For the UGV vision to succeed, vehicles need to communicate with each other and with the infrastructure itself so the vehicle knows where all the stoplights are. Insurance companies would have to get on board and governments would have to establish rules of the road and figure out how to incorporate both manned and unmanned vehicles in the same transportation ecosystem.

The federal government has just such a system on its radar. Building the necessary infrastructure is the mission of the U.S. Department of Transportation’s (USDOT) IntelliDrive program, a "multimodal initiative that aims to enable safe, interoperable networked wireless communications among vehicles, the infrastructure, and passengers' personal communications devices."

UUVs (unmanned underwater vehicles)

The future Snyder paints is equally bright for unmanned watercraft.

Though UUVs got a brief black eye June 23 when a deep-sea robot bumped into the cap collecting oil from BP’s disaster-plagued oil well in the Gulf of Mexico, forcing a temporary halt in leak containment, they have a long history of serving as our eyes, ears and arms below the surface of the water.

The National Oceanic and Atmospheric Administration (NOAA) uses UUVs to monitor scallop beds in the Atlantic Ocean to see if there are contaminants in the area and how the scallop population is faring. UUVs have also been used by several research groups to explore and photograph exotic life and volcanic activity the bottom of the sea.

"We’re going to see more growth there and more autonomy," Snyder said. "They are still largely being remotely operated, but you’ll see more intelligence getting plugged in."

Snyder envisions a fleet of UUVs mapping the ocean floor and our lakes and rivers, much as Google Maps vehicles have mapped our streets. Other applications include underwater exploration and pipeline monitoring.

UAVs (unmanned aerial vehicles)

UAVs above us is a trickier proposition, although rice farmers in Japan have been using small unmanned helicopters to spray their rice fields for years. In the U.S., law enforcement agencies, including the Miami/Dade County Police Department, have been experimenting with the use of UAVs for surveillance purposes.

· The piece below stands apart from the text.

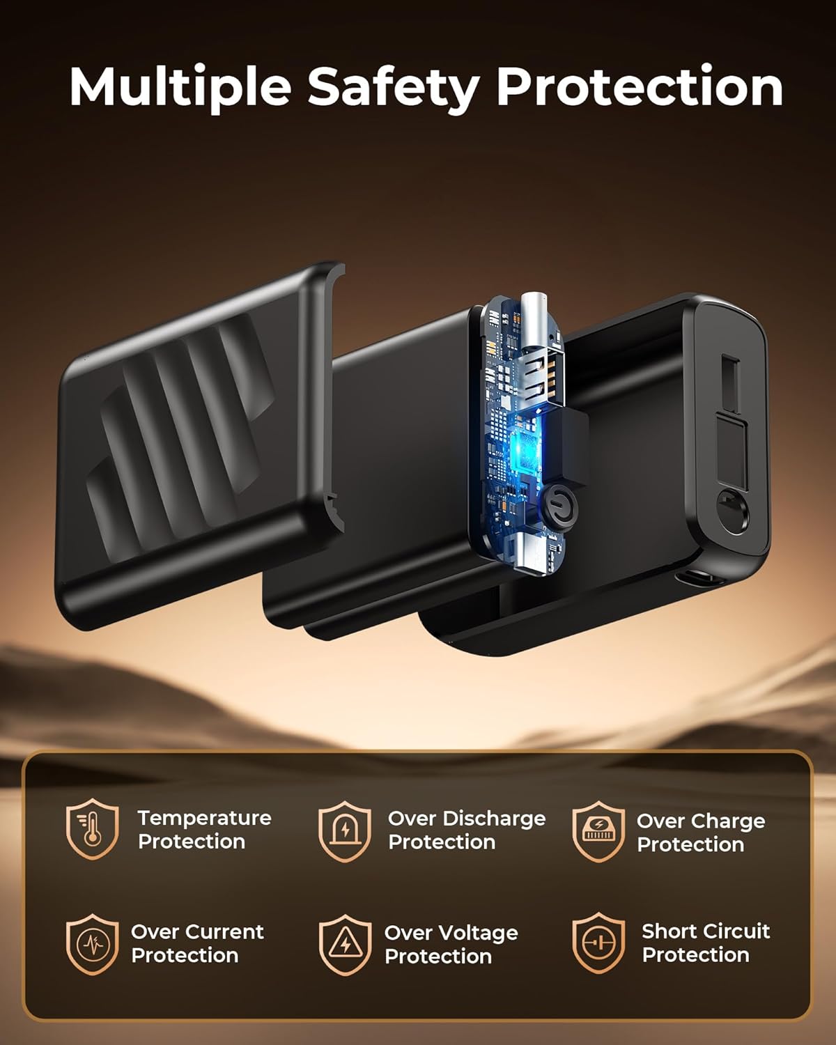 Smart LED Power Display:The power bank for heated vest features an advanced smart LED display, showing the remaining power from 1% to 100% accurately. The hidden display activates only when connected, lighting up to indicate battery status. When not in use, the battery pack for heated vest automatically enters sleep mode to prevent power waste, ensuring you stay warm without unnecessary energy consumption. This intelligent design makes it a reliable and efficient choice for your heated vest.

But the Federal Aviation Administration (FAA), which controls the nation’s air space, has been slow to certify unmanned operations.

"It’s not the FAA saying these things aren’t reliable, they aren’t safe, they’re not useful," Snyder said. "It’s the FAA saying let’s make sure they are safe, let’s make sure we have the rules in place to integrate them and let’s make sure we understand the impact of integrating UAVs in the air space."

When that day comes in the not-too-distant future, Snyder believes, the initial applications will be in the public safety arena and agricultural use.

But while driverless cars might transport humans around on the ground one day, Snyder says he can't foresee a day when passenger airplanes fly without pilots.

"I never foresee a passenger aircraft not having a pilot in the cockpit or not having an operator in the cockpit," Snyder said. "Part of it is human nature and part of it is that it’s going to be a long time before we have that level of confidence in the software and in the systems. But what we might see is unpiloted helicopters being used for medical evacuation in remote locations."

'Not in our lifetime'

Commercial pilot Patrick Smith also believes he won't be losing his job to robotic planes anytime soon. "To compare a UAV to a commercial plane is just outrageous," Smith, who is also author of Salon.com’s "Ask the Pilot" column. "It’s the ultimate apples and oranges comparison, at least where we are right now."

For one thing, human are still flying UAVs — it's just that the pilots are now on the ground, Smith said.

"There’s now this conventional wisdom that planes fly themselves and pilots are just there as monitors. The conventional wisdom is wrong," Smith said.

But will it ever happen? "Not in our lifetime," Smith said. "We’re not remotely close to being there."